5. Roger K. Smith is the beneficial owner of 63,895 shares of the
common stock of the Company as a trustee of certain trusts.
6. Gerrish H. Milliken, Minot K. Milliken and Roger Milliken and
their respective associates, as that term is defined by the
rules of the Securities and Exchange Commission, owned
beneficially a maximum of 14,898,031 shares (40.44%) of the
common stock of the Company. The shares listed as beneficially
owned by each of Gerrish H. Milliken, Minot K. Milliken and
Roger Milliken include shares listed as beneficially owned by
one or both of the other two.

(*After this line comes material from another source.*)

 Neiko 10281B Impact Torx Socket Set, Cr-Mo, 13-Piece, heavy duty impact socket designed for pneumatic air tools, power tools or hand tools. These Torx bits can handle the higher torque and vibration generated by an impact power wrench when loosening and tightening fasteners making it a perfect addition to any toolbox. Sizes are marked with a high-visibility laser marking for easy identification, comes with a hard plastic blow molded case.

The overall figures for all
officers and directors as a group and the figures included in
this note eliminate the duplication of numbers and percentages
of shares.
<PAGE>
STOCK OWNERSHIP OF CERTAIN BENEFICIAL OWNERS
The following table sets forth information concerning beneficial
owners of more than 5% of the Company's common stock, as reported
by such beneficial owners:
Name and Address of Amount of Common Stock and
Beneficial Owner Nature of Beneficial Ownership % of Class
Minot Mercantile Corporation 10,484,875 28.46
1209 Orange Street Direct
Wilmington, Delaware 19801
Minot Mercantile Corporation 14,898,031 (b) 40.44
and others joint disclosure(a) Direct and Indirect
c/o 1209 Orange Street
Wilmington, Delaware 19801
Wellington Management Company, LLP 2,179,850 (c) 5.92
75 State Street
Boston, MA 02109
(a) Please see the notes following the Stock Ownership of
Management Table for an explanation of this stock ownership.
By definition of the Securities and Exchange Commission, the
persons involved in this joint disclosure may be deemed to be
"beneficial owners" of substantial quantities of this stock.

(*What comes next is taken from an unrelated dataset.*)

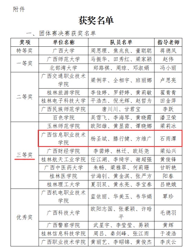 据悉,广西高校大学生信息素养挑战赛是一项为贯彻教育部《教育信息化2.0行动计划》通知精神,落实教育部《高等学校数字校园建设规范(试行)》有关信息素养培养方式的总体要求,强化大学生信息意识,提高大学生信息知识掌握程度,培养大学生信息应用能力,增强大学生信息伦理与安全素养,全面提升大学生信息素养教育水平,同时旨在全力推动广西高校信息素养教育教学,促进广西高校信息素养教育全面健康发展的重要赛事。

Except as otherwise set forth in this proxy statement, such
persons disclaim admission of beneficial ownership of these
securities.
(b) These shares include the shares reported directly above by Minot
Mercantile Corporation.
(c) Based upon information as of December 31, 1996 set forth in a
Schedule 13G filing dated January 24, 1997. According to its filing,
Wellington Management Company, LLP, a registered investment adviser,
has shared voting power with respect to 1,443,050 of such shares and
shared dispositive power with respect to all of such shares, which are
held of record by its clients.
BOARD COMMITTEES
The Company's Board of Directors held six regularly scheduled meetings during
the last fiscal year. Each director attended at least 75% of the Board meet-
ings and the meetings of any committee of which he was a member, with the
exception of Thomas J. Malone, who was unable to attend two board meetings
due to illness. The Company has standing Audit, Compensation and Nominating
Committees of the Board of Directors.
The members of the Audit Committee are H. Keith H. Brodie, M.D., John A. Herdeg,
Thomas J. Malone and Roger Milliken. The members of the Audit Committee met
three times during the last fiscal year. The Audit Committee is responsible
for engaging and discharging auditors; reviewing with the auditors and manage-
ment the Company's policies and procedures with respect to internal auditing,
accounting and financial controls; reviewing with the independent auditors,
upon completion of their audit, their report or opinion and any recommendations
they may have for improving internal accounting controls, choice of accounting
principles or management systems; and meeting with the Company's financial
staff at least two times a year to discuss internal accounting and auditing
procedures.
The members of the Compensation Committee are H. Keith H. Brodie, M.D., Minot
K. Milliken, Roger Milliken, Lawrence R. Pugh and Francis G. Rodgers. The
Compensation Committee, which met seven times during the last fiscal year, is
responsible for reviewing the compensation of the Company's executive officers
and recommending changes in such compensation.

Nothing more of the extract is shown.